The Palaeocene?–Lower Eocene succession is interpreted as mainly high-energy gravity flows that prograded southwards into an elongate basin, in which hemipelagic muds accumulated. The clastic material was mainly derived from basaltic to andesitic volcanics and pelagic carbonates (Figure ( k)). This material was eroded from the volcanic arc (Olur arc; see below), which was active along this part of the Eurasian continental margin during the Upper Cretaceous. The likely setting was a flexurally controlled foredeep that formed and infilled bordering the Eurasian margin during and soon after the final stages of emplacement of the oceanic rocks.
8.3. Eocene para-autochthonous successions
In the Erzincan area, the volcanic-sedimentary and the ophiolitic melange are, in places, unconformably overlain by a shallow-marine, mixed siliciclastic-carbonate succession, including nummulitic limestones and conglomerates (Sipikör Formation; up to 500 m thick). These sediments contain sediments from both the suture zone rocks (e.g. ophiolitic detritus) and from the Eurasian continental margin (e.g. metamorphic detritus). The succession is well dated as Late Palaeocene–Eocene (Okay & Şahintürk, Citation1997a; Rice et al., Citation2009). Locally, the contact with the underlying Sütpınar Formation appears to be conformable (Rice et al., Citation2009) and can be interpreted as a parallel unconformity. The Sipikör Formation lacks the N-vergent deformation seen in the underlying units of the suture zone and is terminated upwards by an N-dipping thrust (Rice et al., Citation2009). These sediments are broadly contemporaneous with the Late Paaleocene?–Early Eocene coarse clastic sediments beneath the ophiolite in the Kırdağ area (see above). The Late Palaeocene? – Early Eocene sediments overlying the ophiolites and melange can be interpreted as the infill of a thrust-top (piggyback basin) that existed during the final stages of emplacement of the oceanic rocks onto the Eurasian margin.
There are several examples of similar Eocene successions, which are less well-dated. For example, in the Refahiye area (Figure ), serpentinised peridotite is mapped as being depositionally overlain by Eocene volcanogenic rocks (MTA, Citation2002). We observed well-bedded graded sandstones (gravity flows) and dark shales, locally passing upwards into andesitic breccia, conglomerate and andesitic flows. In the north, the succession is overthrust by ophiolitic rocks.
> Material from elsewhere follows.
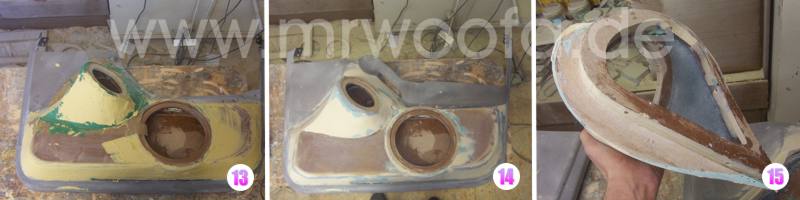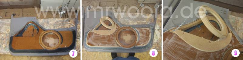 6. Dort wo der Mitteltöner hinkommt lasse ich ein Loch und trenne das Volumen mittels Formvlies vom Baßvolumen ab. Das restliche Board wird dann auch mit Vlies bespannt. |

Elsewhere, to the north of Erzincan (Figure ), the lower part of the Eocene succession (e.g. near Ağılözü; Figures and (c)) comprises medium- to thick-bedded sandstones and lenticular conglomerates. A typical lenticular (channellised) unit (~5 m thick) contains poorly sorted, rounded to subrounded clasts (<.4 m in size), mostly volcanics, serpentinite, peridotite and sheared serpentinite. The lower part of the Eocene succession is again exposed further east (near Yeniyol; Figures and (d)), where grey-green mudstones are interbedded with lenticular limestones. Further east again (near Akdağ; Figure ), shales are interbedded with medium- to thick-bedded sandstones. Lenticular, matrix-supported conglomerates (individually up to 6 m thick × 15 cm long) are dominated by limestone clasts (up to .4 m in size), set in a muddy and sandy matrix. Medium-bedded sandstones are, in places, normally graded and exhibit bottom structures (e.g. flute casts), while thick-bedded sandstones are typically lenticular. In places, there is evidence of slump folding. Some of the sandstones are strongly bioturbated or rich in plant material. These clastic sediments were mostly derived from the underlying volcanic-sedimentary melange and the ophiolitic rocks based on petrographic evidence and were largely deposited by gravity processes. Cleavage-bedding relations and observed folds show that the Eocene succession in this area is strongly folded about ~E–W axes. A similar Eocene marine succession overlies the contact between the ordered ophiolite and the volcanic-sedimentary melange elsewhere in the Erzincan area (Figure ).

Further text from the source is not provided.